# someone plz help



## Guest (Oct 6, 2002)

I have a 1998 Nissan Altima GXE. What is the easiest way to add hp, and without tons of money. I'm looking for a 10-25HP boost. Can anyone direct me to some websites, or any products from personal experience?

Thanks,

Tony


----------



## Slurppie (Oct 15, 2002)

Depending on your budget, simple bolts on should eventually net you at least 10hp. Now days, just about every manufactorer supports 93-01 Altimas. Maybe search using the keywords Nissan Altima Performance Products or variations of that and see what you find. Good Luck


----------



## 01LTD (Sep 28, 2002)

I'd go with a CAI by PlaceRacing. It should be about $210.


----------



## ALTYHOLIC (Oct 19, 2002)

01LTD said:


> *I'd go with a CAI by PlaceRacing. It should be about $210. *


Speaking from experience, eh?


----------



## 01LTD (Sep 28, 2002)

ALTYHOLIC said:


> *Speaking from experience, eh? *



Oh yeah.. Call me back. I'm bored.


----------



## ALTYHOLIC (Oct 19, 2002)

01LTD said:


> *Oh yeah.. Call me back.
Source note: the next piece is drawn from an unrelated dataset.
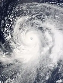 At 1800 UTC on August 20, the JMA upgraded Chaba to typhoon status,[2] while the system was roughly 345 km (214 mi) east-southeast of Saipan.[1] Much of the rapid intensification pattern was attributed to the development of dual outflow channels during the day's course. Concurrently Chaba began to curve towards the northwest around the periphery of the nearby, dominant subtropical ridge in response to an approaching longwave,[3] sweeping past the Mariana Islands.[1] At 1800 UTC on August 23, the JMA assessed the typhoon to have reached its peak intensity with maximum sustained winds of 205 km/h (127 mph) and a minimum barometric pressure of 910 mbar (hPa; 26.87 inHg).[2] An intense albeit average-sized typhoon, Chaba held this intensity for two days before dry air began to impact the cyclone. On August 26, the typhoon's convection slightly weakened, and the more intense convective activity became limited to the southern and eastern sides of the system.[1]

I'm bored. *


You've got mail!!!


----------



## 01LTD (Sep 28, 2002)

I got it.


----------



## Guest (Oct 21, 2002)

*YOU GUYS ROCK!*

THanks a ton guys!


----------



## Guest (Nov 14, 2002)

for more info, Altimas.net is your best bet, but i like this site.

brings the nissans together.


----------